I covered my eyes and trembled. He looked at me and averted his eyes.
"Go, daughter. Do what you must." He must have noticed my clothing, the typical dark garments of the Fang were undeniable. Picking up Silence, I promptly left the church.
I ran down the streets and moved to the edges of the town, looking over the fences. I could see the dark shadows of men in the fog with the sound of combat ringing in metal. A tall man in ordinary brown clothing pierced through the mist and was shouting to people behind him. I saw his red hair first, it was distinct through the whiteness.

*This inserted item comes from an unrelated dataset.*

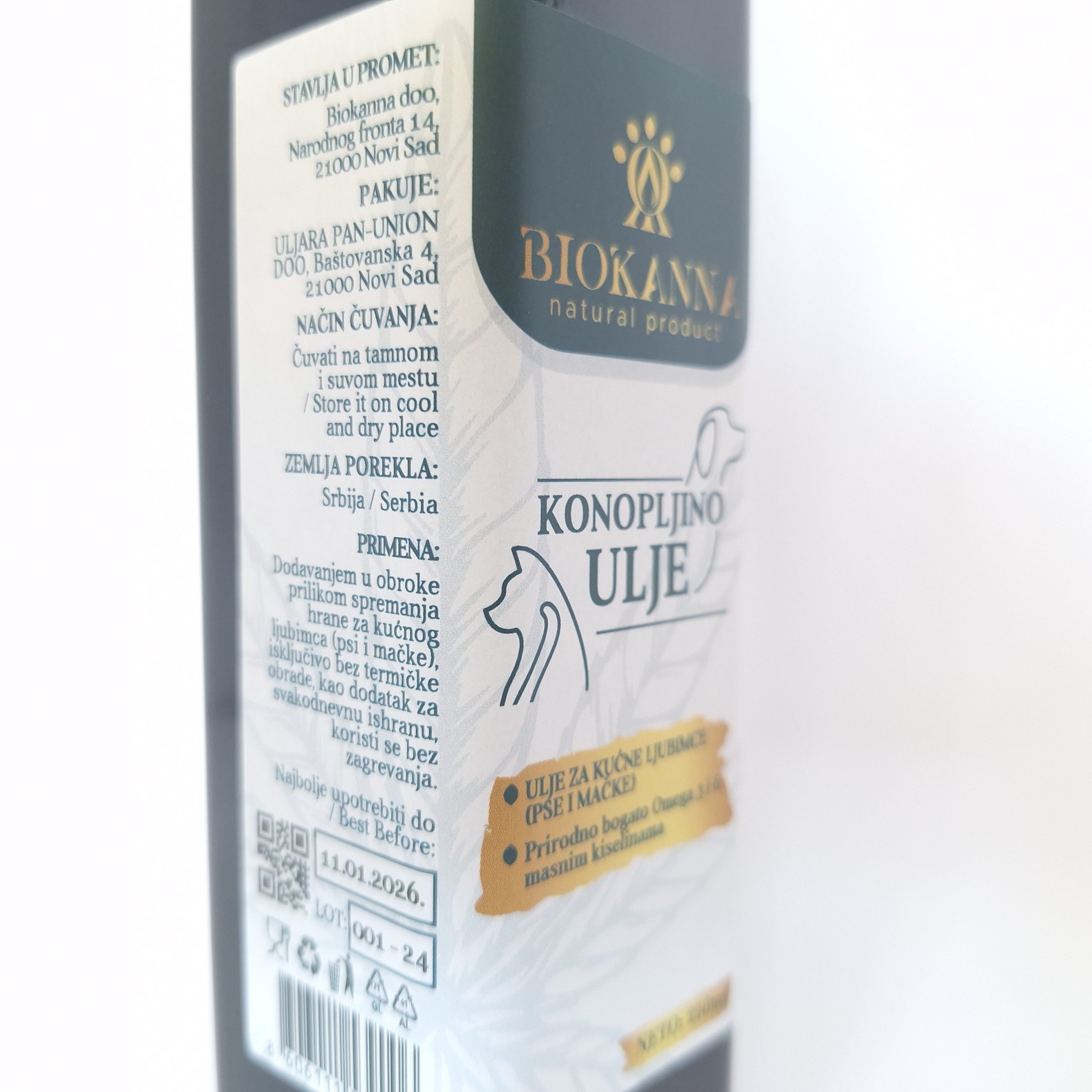 Ulje dobijeno procesom hladnog ceđenja i mehaničkog filtriranja iz semenki industrijske konoplje (Cannabis sativa L).

"Hector, disarm that ballistae!" he shouted into the mist, making way toward the town. He stopped along the way to impale a man waiting to ambush him, a man that I recognized from the Fang Headquarters. The red-haired man was undaunted and entered through the gate. He didn't notice me a few steps away, and looked at the deserted place. I covered my head with the dark hood and placed out a hand to halt him. His eyes caught my gesture immediately and he moved his rapier quickly.
"Stop there," I said, my voice shaking. My fingers shook too.
"Who--" he began, a frown quickly forming his face when he saw my clothes.
"Be not alarmed. For my own reasons, I wear the garb of the Black Fang." I looked at his face and studied his features, they told me that he was not from Bern. "I am a citizen of Lycia, I am not your enemy."
I expected him to say something, but he did not. He looked at the stave in my hand. The dark blood dripped from the point of his sword. The words With Weakness on Silence's shaft were exposed to me.
"There is a woman who leads the Black Fang," I held Silence in a horizontal position to him, "If you are to confront her, take this staff, use it against her. For this woman is the one you must seek, her name is Sonia." His hands closed around the cold metal shaft. I let go, and a huge burden lifted from my shoulders.
"Do not forget." As soon as my fingers left contact, I turned with a flow of my cloak. The hood fell away as I fled, my dark hair tumbled out. "Sonia!"